DATA SHOWN →
_ _ _ _ _ _ _
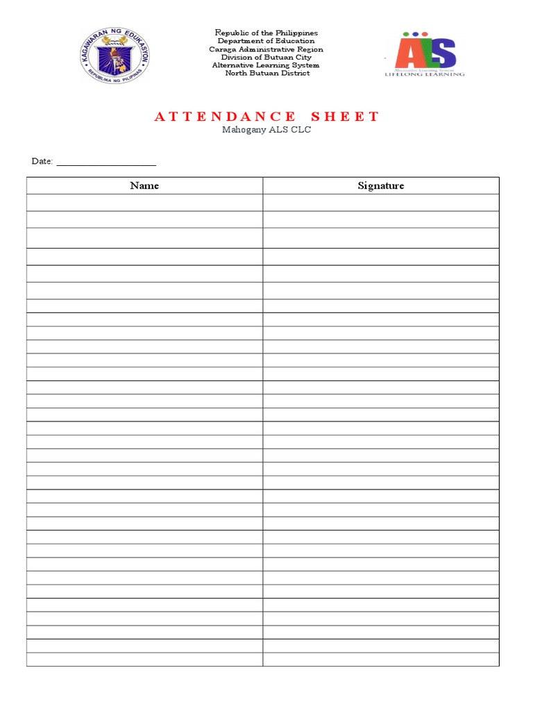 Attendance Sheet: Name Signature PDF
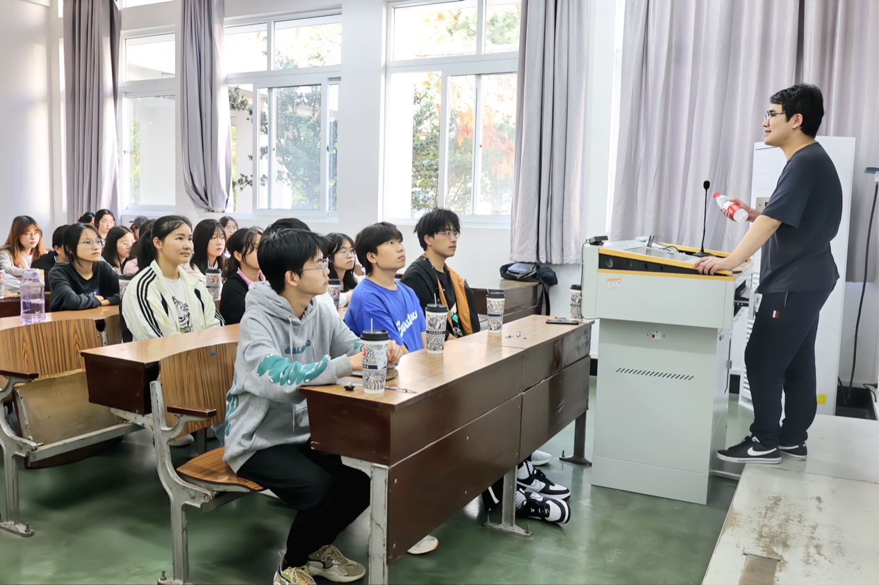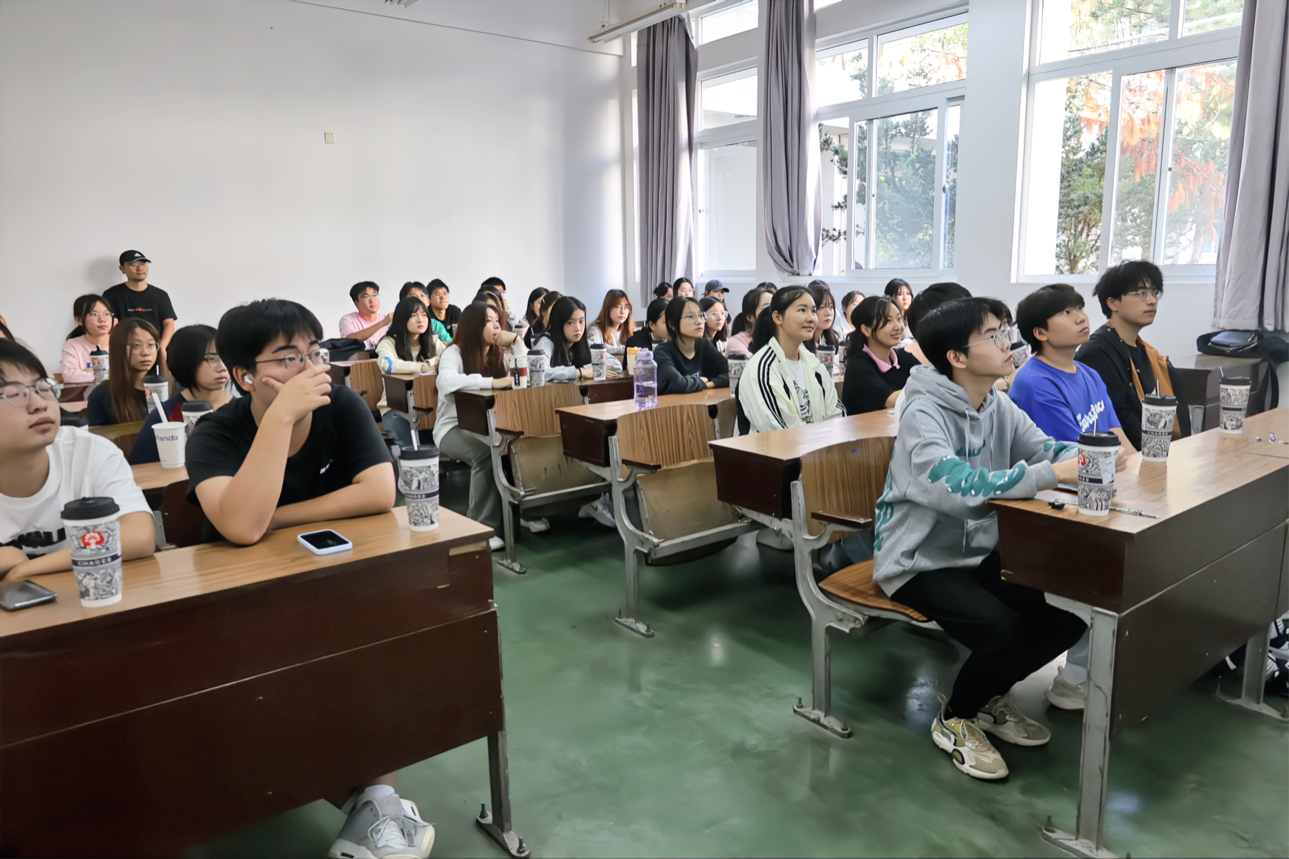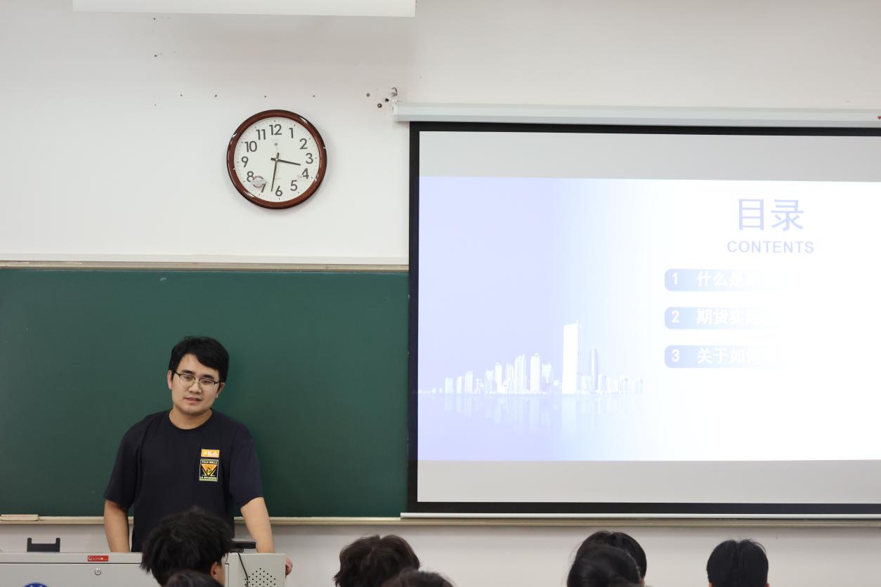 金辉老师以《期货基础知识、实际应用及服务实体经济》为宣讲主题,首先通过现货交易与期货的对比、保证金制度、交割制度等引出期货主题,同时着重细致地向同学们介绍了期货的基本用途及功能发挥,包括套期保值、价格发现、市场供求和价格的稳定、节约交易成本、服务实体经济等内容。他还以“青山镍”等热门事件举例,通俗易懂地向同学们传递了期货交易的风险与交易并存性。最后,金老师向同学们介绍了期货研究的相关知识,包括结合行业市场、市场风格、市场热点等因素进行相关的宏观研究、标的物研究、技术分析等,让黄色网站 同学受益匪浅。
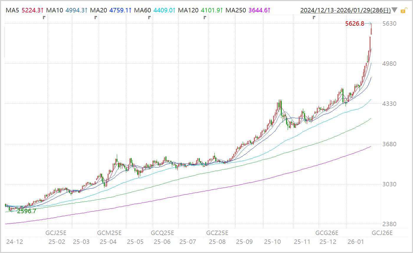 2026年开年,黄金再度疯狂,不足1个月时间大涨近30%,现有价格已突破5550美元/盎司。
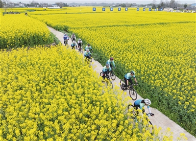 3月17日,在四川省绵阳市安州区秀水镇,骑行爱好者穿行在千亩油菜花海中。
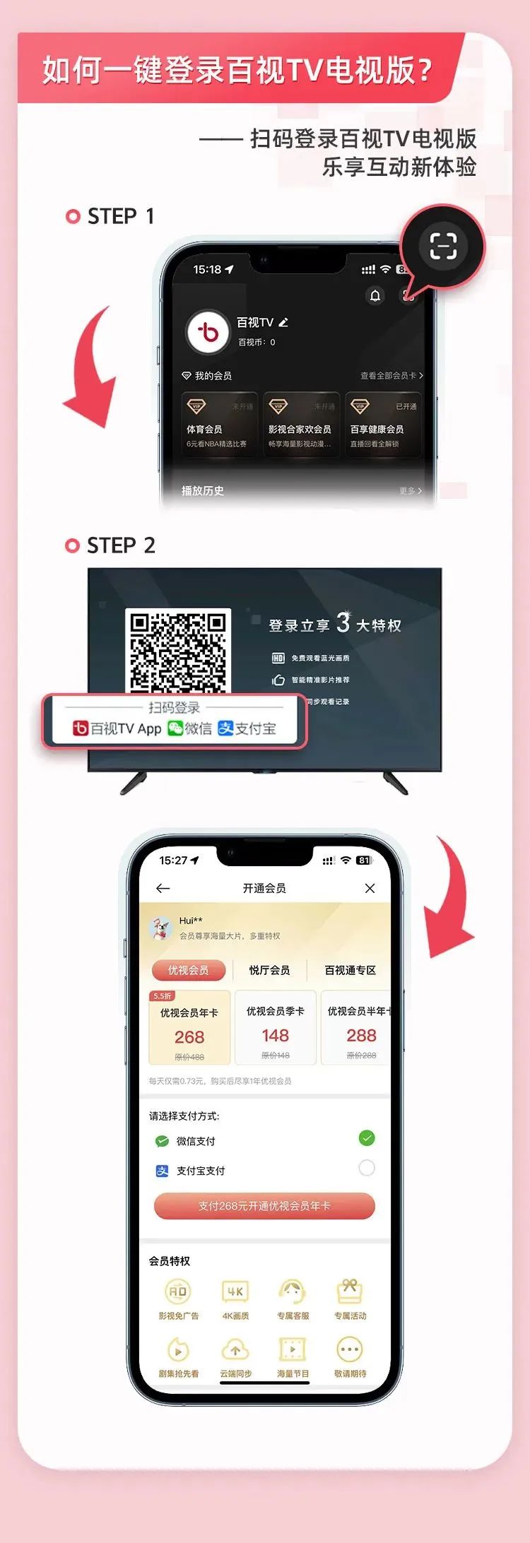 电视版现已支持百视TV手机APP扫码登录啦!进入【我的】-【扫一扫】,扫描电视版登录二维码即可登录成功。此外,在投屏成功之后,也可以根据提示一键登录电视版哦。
_ _ _ _ _ _ _
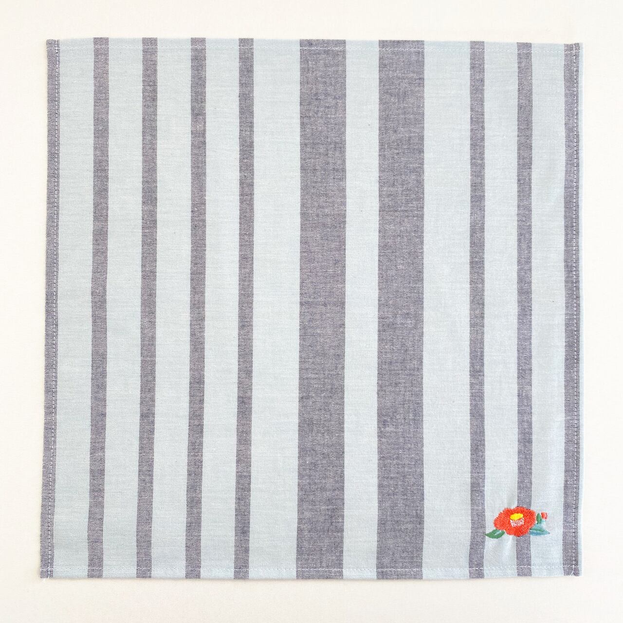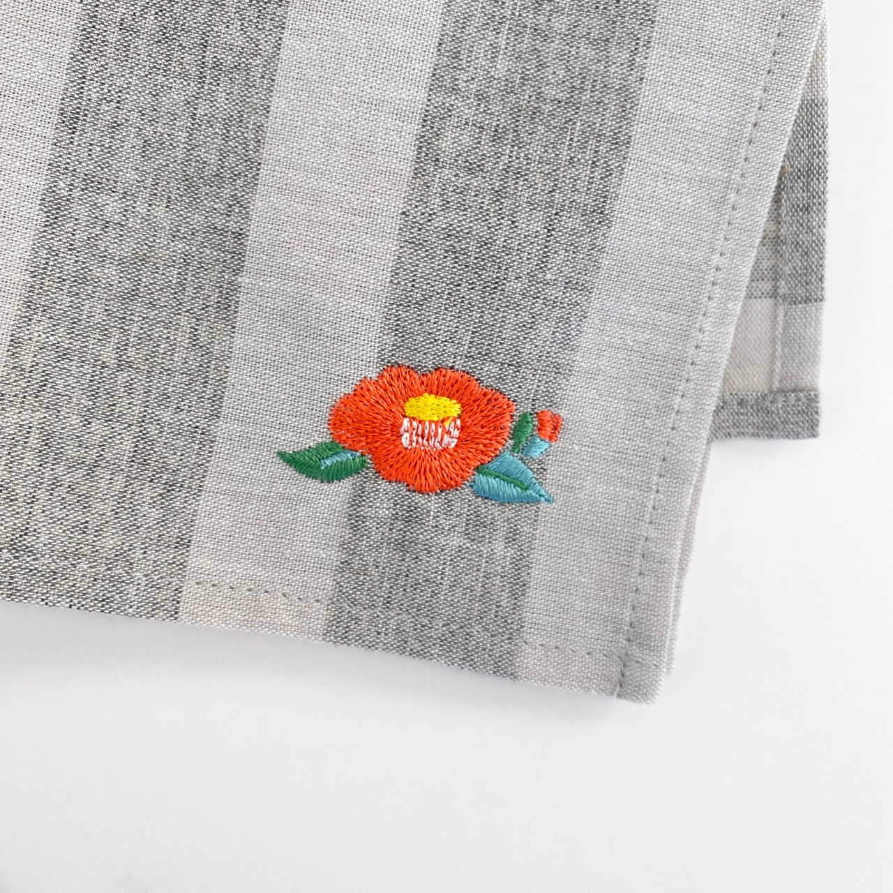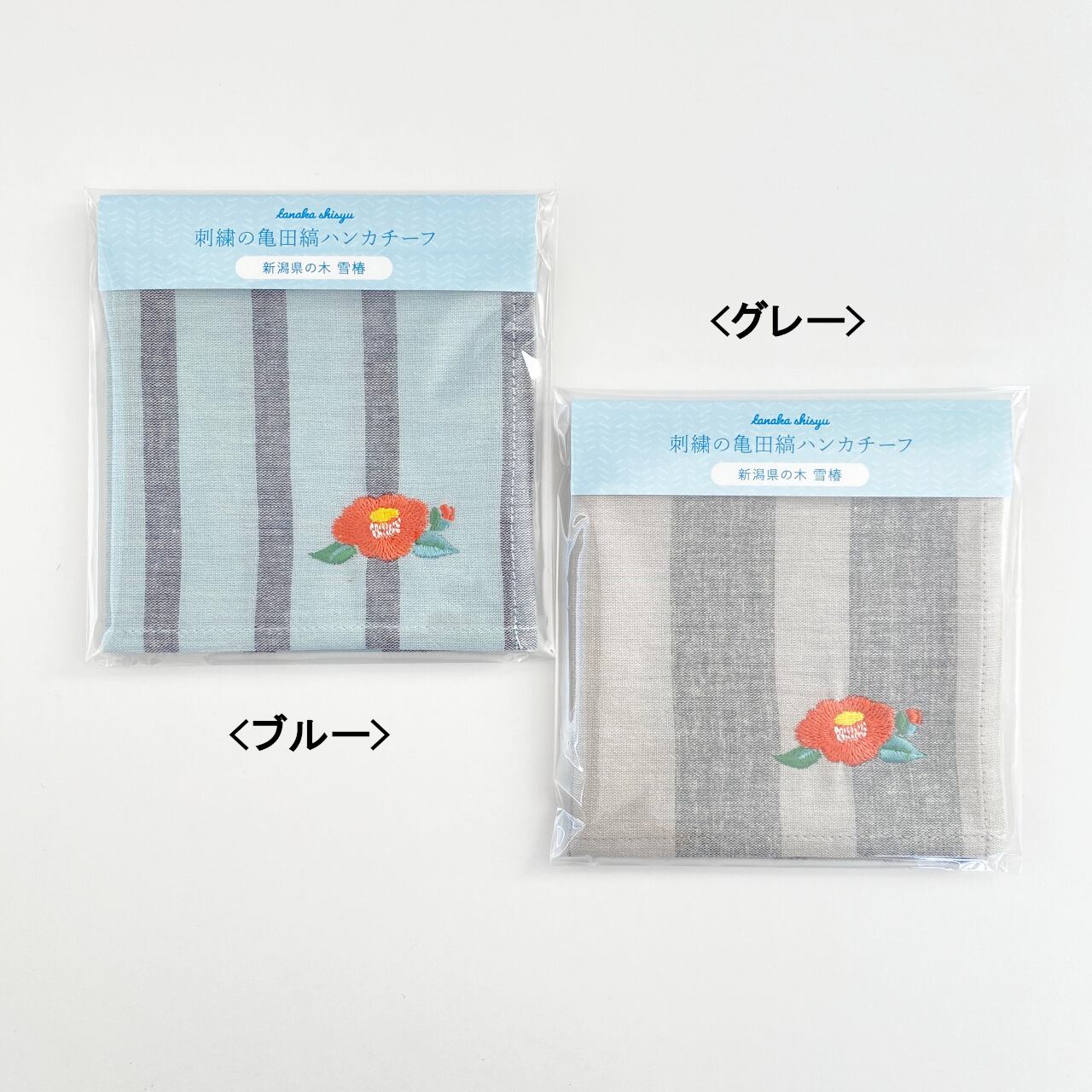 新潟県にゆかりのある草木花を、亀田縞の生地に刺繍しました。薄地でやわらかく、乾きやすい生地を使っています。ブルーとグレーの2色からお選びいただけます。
_ _ _ _ _ _ _
WHAT TO DO → Given the entries above, transcribe exactly the lines from the one holding "2026年开年,黄金再度疯狂" through the one holding "电视版现已支持百视TV手机A"; pictures do not belong in the transcription.

WRITTEN ANSWER →
 2026年开年,黄金再度疯狂,不足1个月时间大涨近30%,现有价格已突破5550美元/盎司。
 3月17日,在四川省绵阳市安州区秀水镇,骑行爱好者穿行在千亩油菜花海中。
 电视版现已支持百视TV手机APP扫码登录啦!进入【我的】-【扫一扫】,扫描电视版登录二维码即可登录成功。此外,在投屏成功之后,也可以根据提示一键登录电视版哦。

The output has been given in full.